***** Records provided

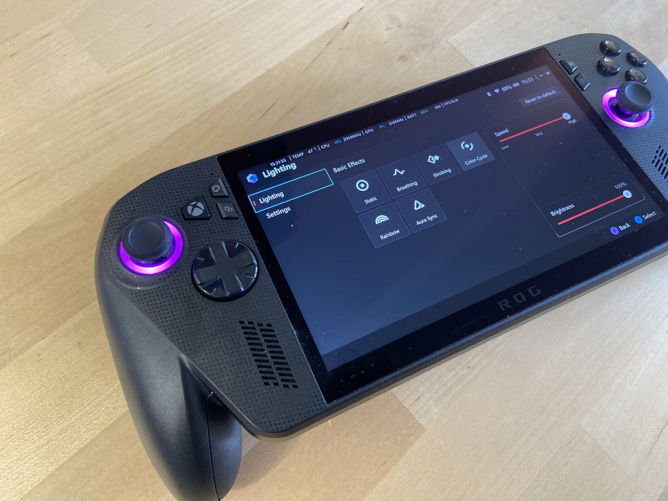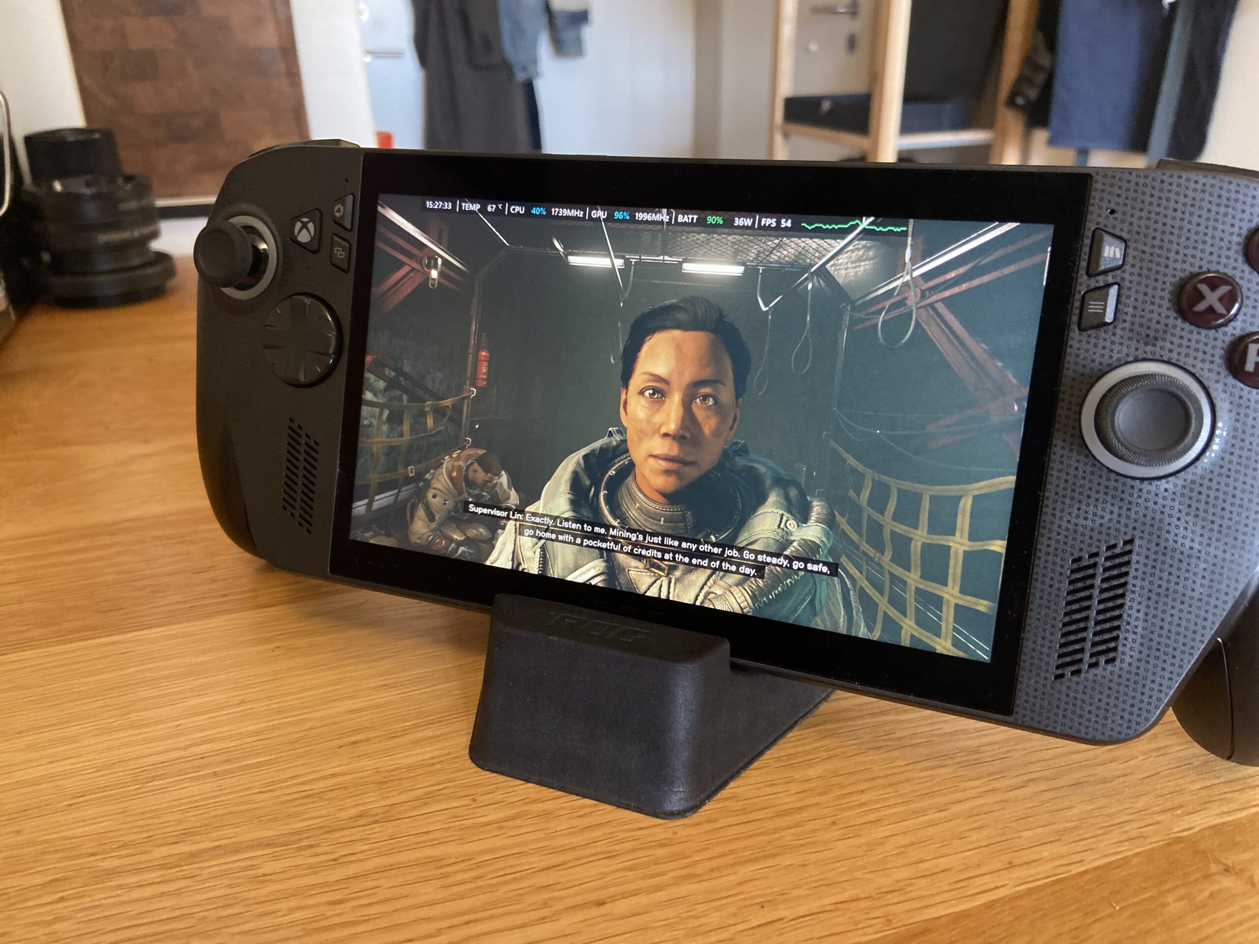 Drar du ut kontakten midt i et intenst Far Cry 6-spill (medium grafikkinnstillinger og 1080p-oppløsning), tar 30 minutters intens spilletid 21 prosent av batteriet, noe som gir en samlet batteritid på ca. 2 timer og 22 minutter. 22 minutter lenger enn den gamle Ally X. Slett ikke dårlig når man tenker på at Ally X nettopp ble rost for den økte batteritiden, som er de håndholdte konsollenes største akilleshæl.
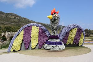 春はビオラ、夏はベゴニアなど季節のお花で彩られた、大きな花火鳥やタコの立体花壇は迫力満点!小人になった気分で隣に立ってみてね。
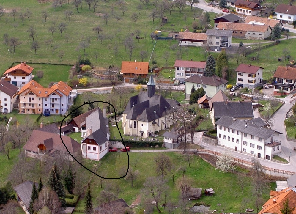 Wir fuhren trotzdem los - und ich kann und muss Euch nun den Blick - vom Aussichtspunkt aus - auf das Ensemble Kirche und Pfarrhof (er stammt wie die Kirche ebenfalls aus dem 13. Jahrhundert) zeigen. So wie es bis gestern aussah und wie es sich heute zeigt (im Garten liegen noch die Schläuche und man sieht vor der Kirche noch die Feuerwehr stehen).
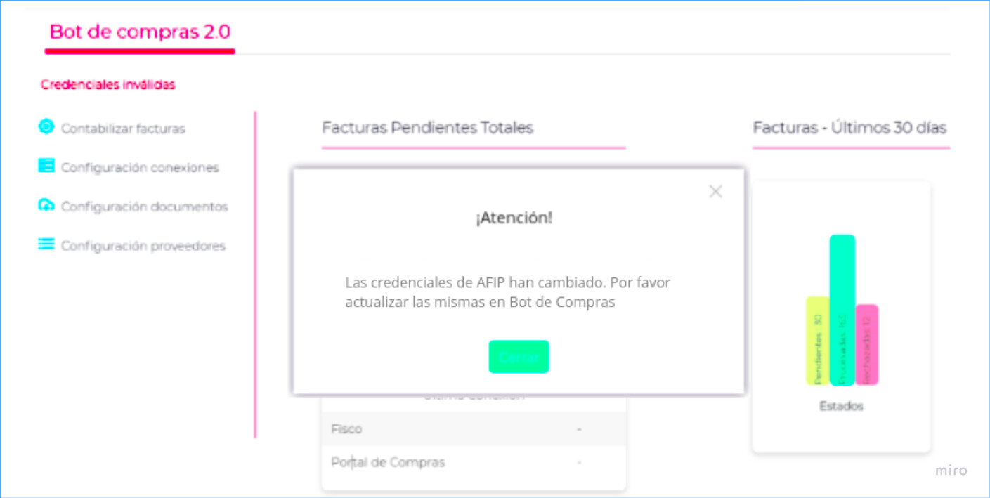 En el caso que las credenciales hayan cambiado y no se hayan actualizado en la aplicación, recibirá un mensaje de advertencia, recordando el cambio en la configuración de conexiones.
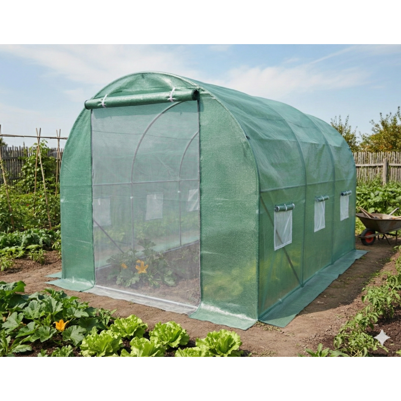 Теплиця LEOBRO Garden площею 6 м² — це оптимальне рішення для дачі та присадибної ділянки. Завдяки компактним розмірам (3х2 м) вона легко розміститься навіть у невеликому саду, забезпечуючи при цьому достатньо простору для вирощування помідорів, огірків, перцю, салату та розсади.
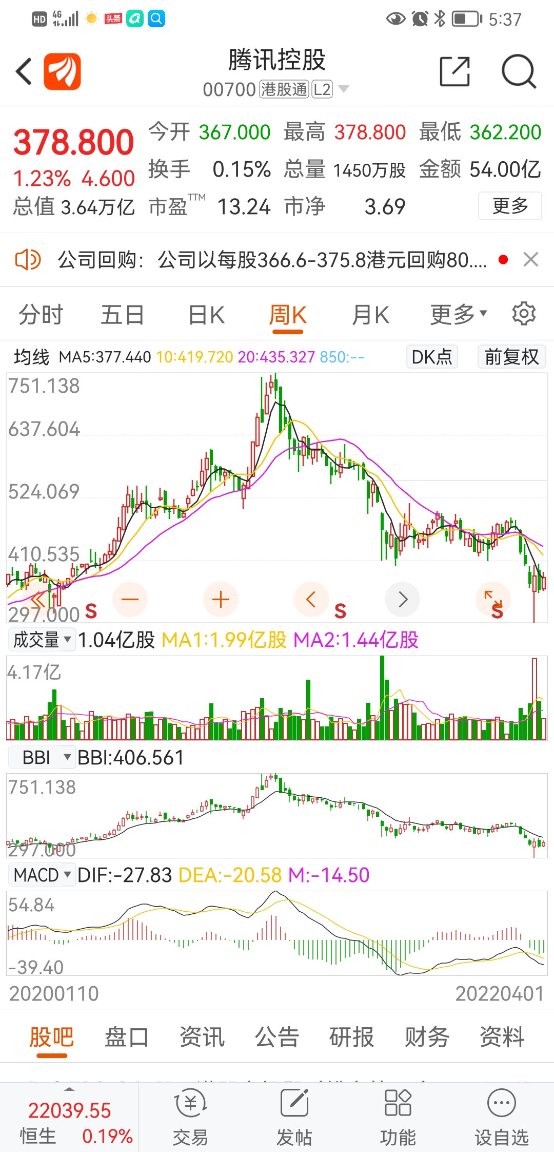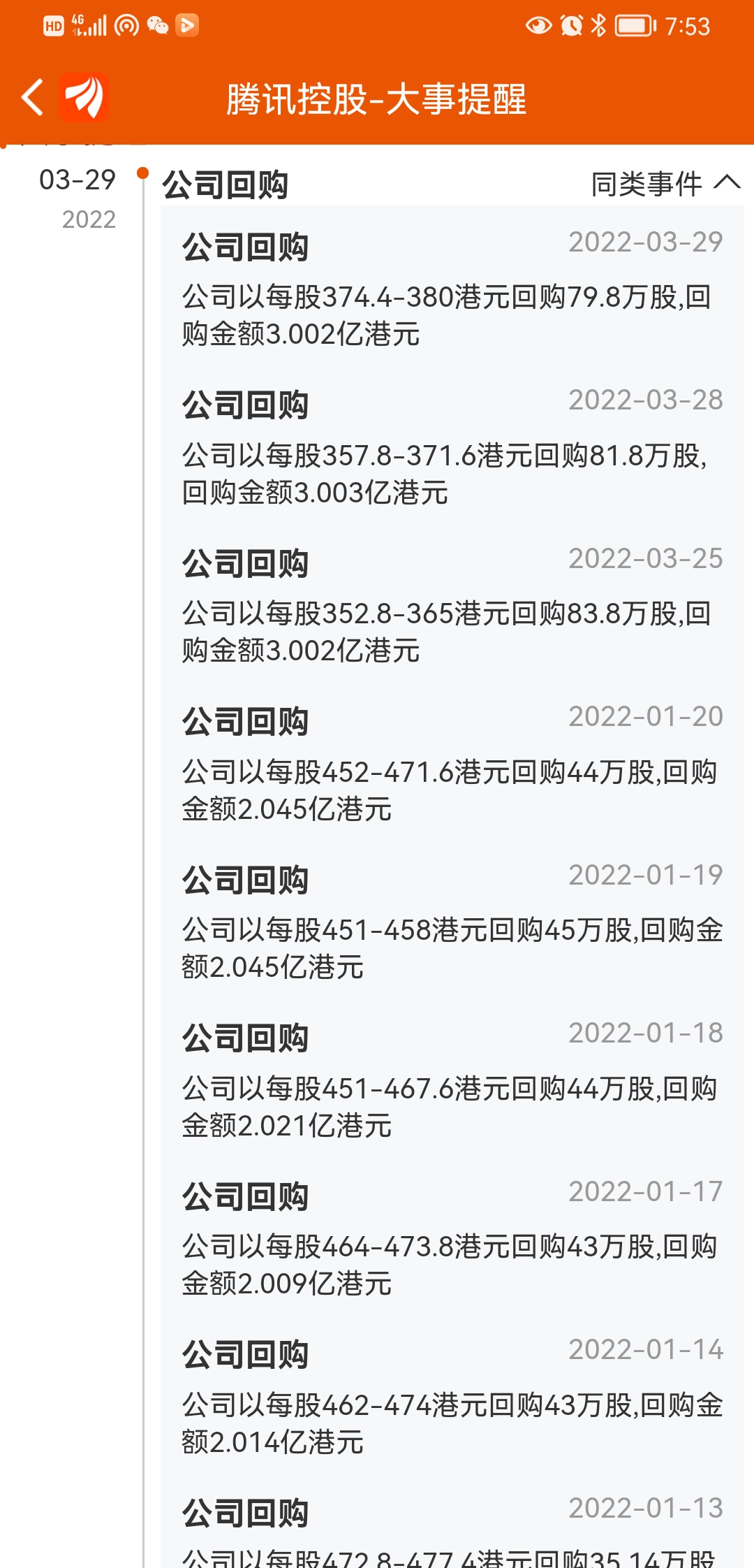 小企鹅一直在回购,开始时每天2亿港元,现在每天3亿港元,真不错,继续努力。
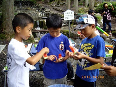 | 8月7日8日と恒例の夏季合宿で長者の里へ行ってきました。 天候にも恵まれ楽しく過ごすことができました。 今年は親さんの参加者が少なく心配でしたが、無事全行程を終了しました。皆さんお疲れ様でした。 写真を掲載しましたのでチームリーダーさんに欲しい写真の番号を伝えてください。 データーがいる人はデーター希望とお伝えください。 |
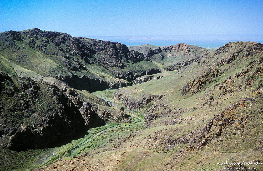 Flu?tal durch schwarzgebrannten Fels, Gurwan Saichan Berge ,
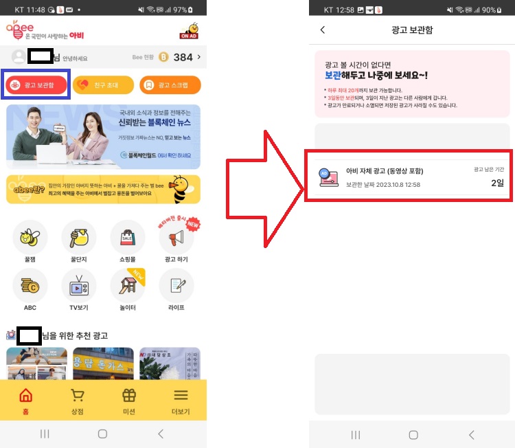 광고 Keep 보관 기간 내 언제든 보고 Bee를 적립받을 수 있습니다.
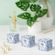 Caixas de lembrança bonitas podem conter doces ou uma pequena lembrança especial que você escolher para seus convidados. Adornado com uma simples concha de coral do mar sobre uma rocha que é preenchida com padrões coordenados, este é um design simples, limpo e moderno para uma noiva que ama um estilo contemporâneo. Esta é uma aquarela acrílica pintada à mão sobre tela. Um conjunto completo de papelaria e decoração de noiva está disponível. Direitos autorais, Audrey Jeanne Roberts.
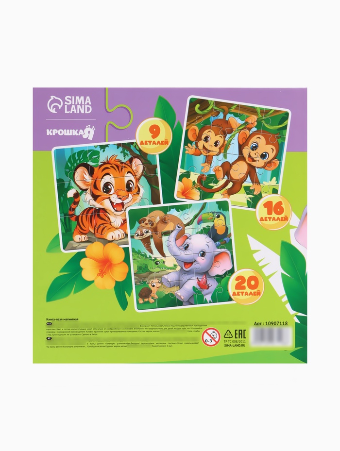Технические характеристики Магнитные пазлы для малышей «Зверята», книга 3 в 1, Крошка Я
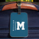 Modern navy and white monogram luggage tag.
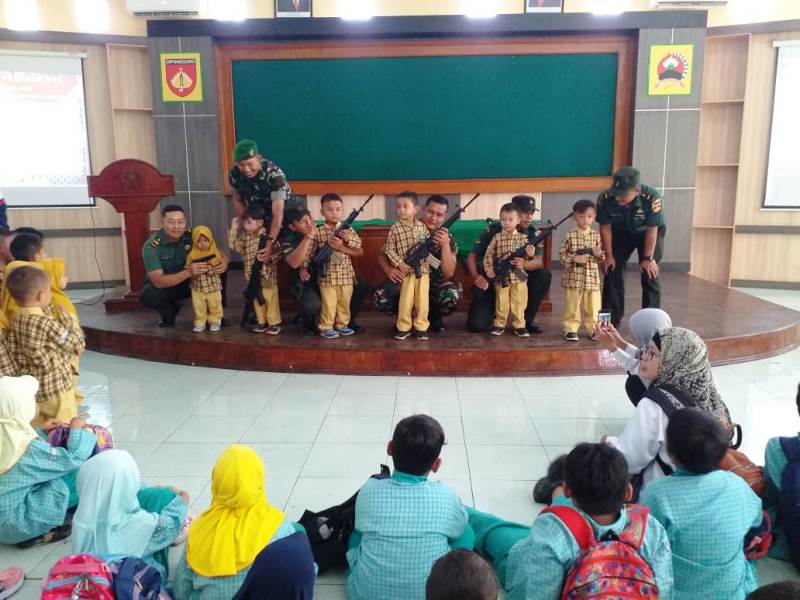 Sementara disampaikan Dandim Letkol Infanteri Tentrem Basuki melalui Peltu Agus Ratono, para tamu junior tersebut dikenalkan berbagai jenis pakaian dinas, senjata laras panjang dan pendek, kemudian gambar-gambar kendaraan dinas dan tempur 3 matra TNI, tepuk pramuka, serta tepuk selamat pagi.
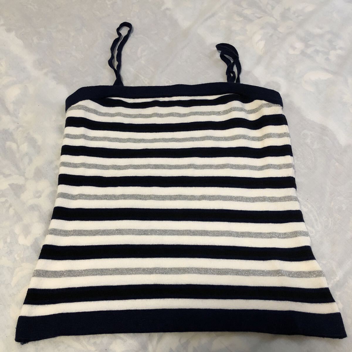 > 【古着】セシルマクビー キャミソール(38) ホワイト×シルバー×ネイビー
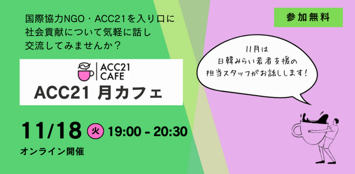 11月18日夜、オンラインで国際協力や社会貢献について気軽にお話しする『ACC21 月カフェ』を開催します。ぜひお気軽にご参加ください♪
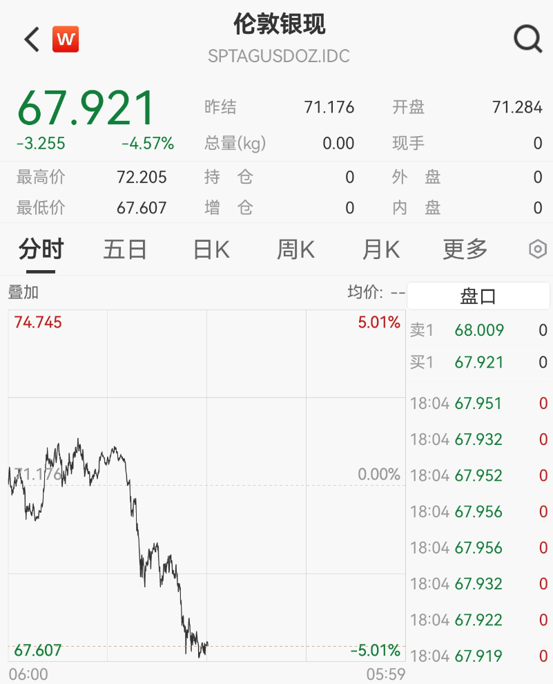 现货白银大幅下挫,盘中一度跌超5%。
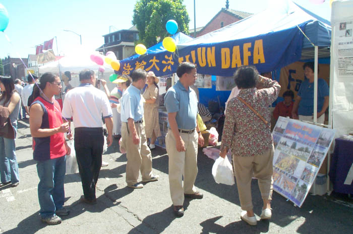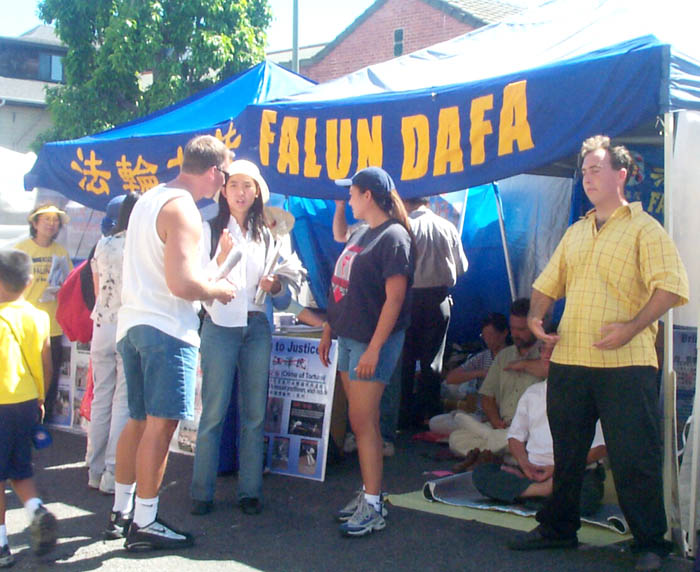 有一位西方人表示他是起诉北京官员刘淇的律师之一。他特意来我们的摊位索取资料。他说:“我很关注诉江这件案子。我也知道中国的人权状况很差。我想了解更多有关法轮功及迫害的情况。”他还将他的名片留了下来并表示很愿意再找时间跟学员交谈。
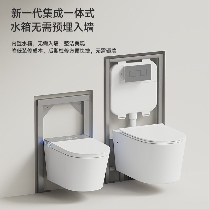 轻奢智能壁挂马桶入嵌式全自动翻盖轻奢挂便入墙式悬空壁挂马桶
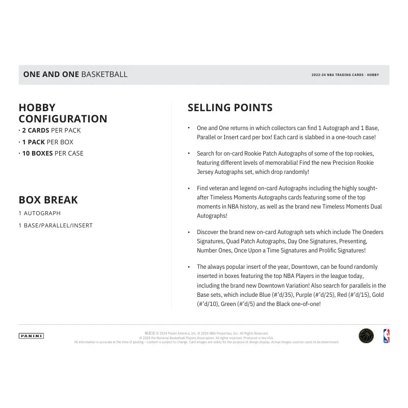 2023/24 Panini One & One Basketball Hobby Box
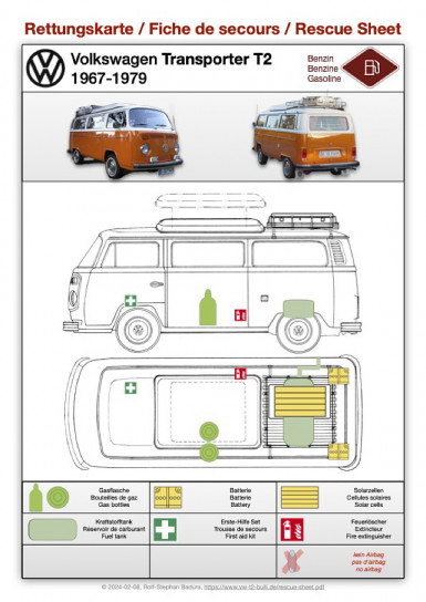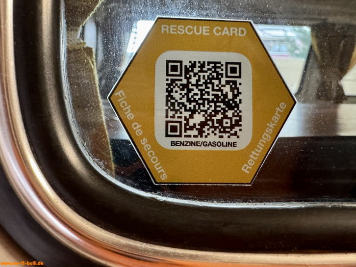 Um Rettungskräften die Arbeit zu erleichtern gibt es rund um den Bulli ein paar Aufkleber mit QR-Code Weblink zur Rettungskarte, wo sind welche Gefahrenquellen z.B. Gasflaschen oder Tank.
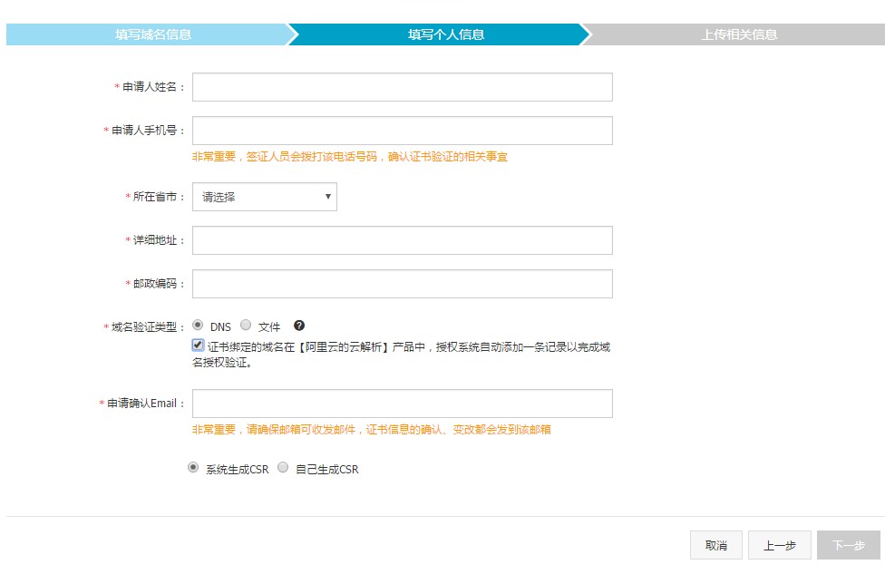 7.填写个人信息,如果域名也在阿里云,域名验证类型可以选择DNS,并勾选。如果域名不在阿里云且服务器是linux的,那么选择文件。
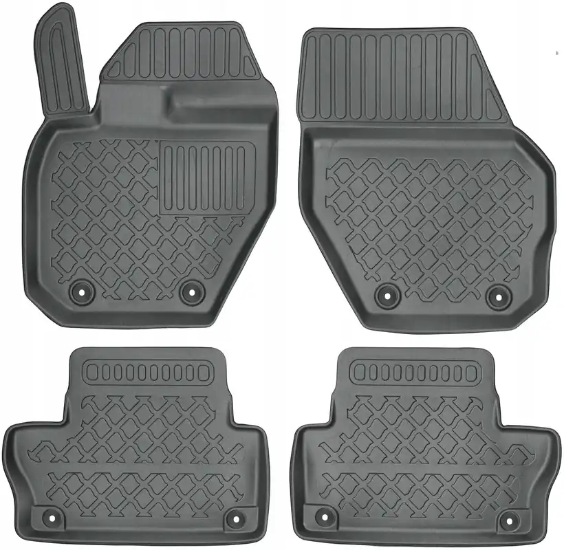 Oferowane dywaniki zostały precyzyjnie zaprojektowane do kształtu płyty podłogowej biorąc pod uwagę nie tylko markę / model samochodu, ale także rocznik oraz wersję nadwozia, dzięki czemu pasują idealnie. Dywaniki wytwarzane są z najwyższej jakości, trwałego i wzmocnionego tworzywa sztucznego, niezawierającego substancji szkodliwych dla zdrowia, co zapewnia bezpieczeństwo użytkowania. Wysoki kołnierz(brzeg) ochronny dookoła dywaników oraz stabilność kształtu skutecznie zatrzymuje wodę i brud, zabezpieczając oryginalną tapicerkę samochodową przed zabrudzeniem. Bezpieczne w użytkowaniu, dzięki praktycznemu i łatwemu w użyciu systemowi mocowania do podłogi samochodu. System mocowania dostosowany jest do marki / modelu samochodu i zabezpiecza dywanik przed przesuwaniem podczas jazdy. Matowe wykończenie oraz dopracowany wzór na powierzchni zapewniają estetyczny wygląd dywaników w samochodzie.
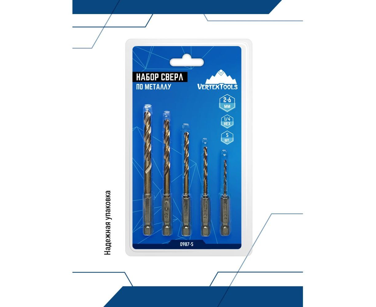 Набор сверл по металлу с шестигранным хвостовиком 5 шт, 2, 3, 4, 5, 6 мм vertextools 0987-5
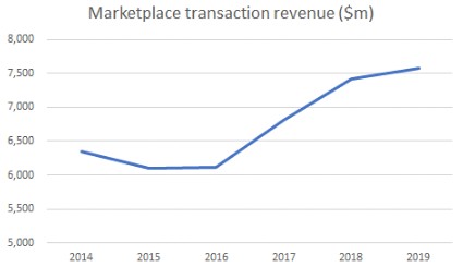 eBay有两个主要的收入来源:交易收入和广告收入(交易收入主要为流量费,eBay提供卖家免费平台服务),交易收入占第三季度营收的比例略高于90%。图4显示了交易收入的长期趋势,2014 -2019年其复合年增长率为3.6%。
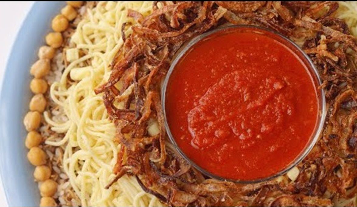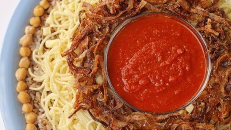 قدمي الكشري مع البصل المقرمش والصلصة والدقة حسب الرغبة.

**********

__Task requirements__:
Retype, exactly as written, each line from the one containing "eBay有两个主要的收入来源" through the end of the data above, and leave out every picture.

__Response area__:
 eBay有两个主要的收入来源:交易收入和广告收入(交易收入主要为流量费,eBay提供卖家免费平台服务),交易收入占第三季度营收的比例略高于90%。图4显示了交易收入的长期趋势,2014 -2019年其复合年增长率为3.6%。
 قدمي الكشري مع البصل المقرمش والصلصة والدقة حسب الرغبة.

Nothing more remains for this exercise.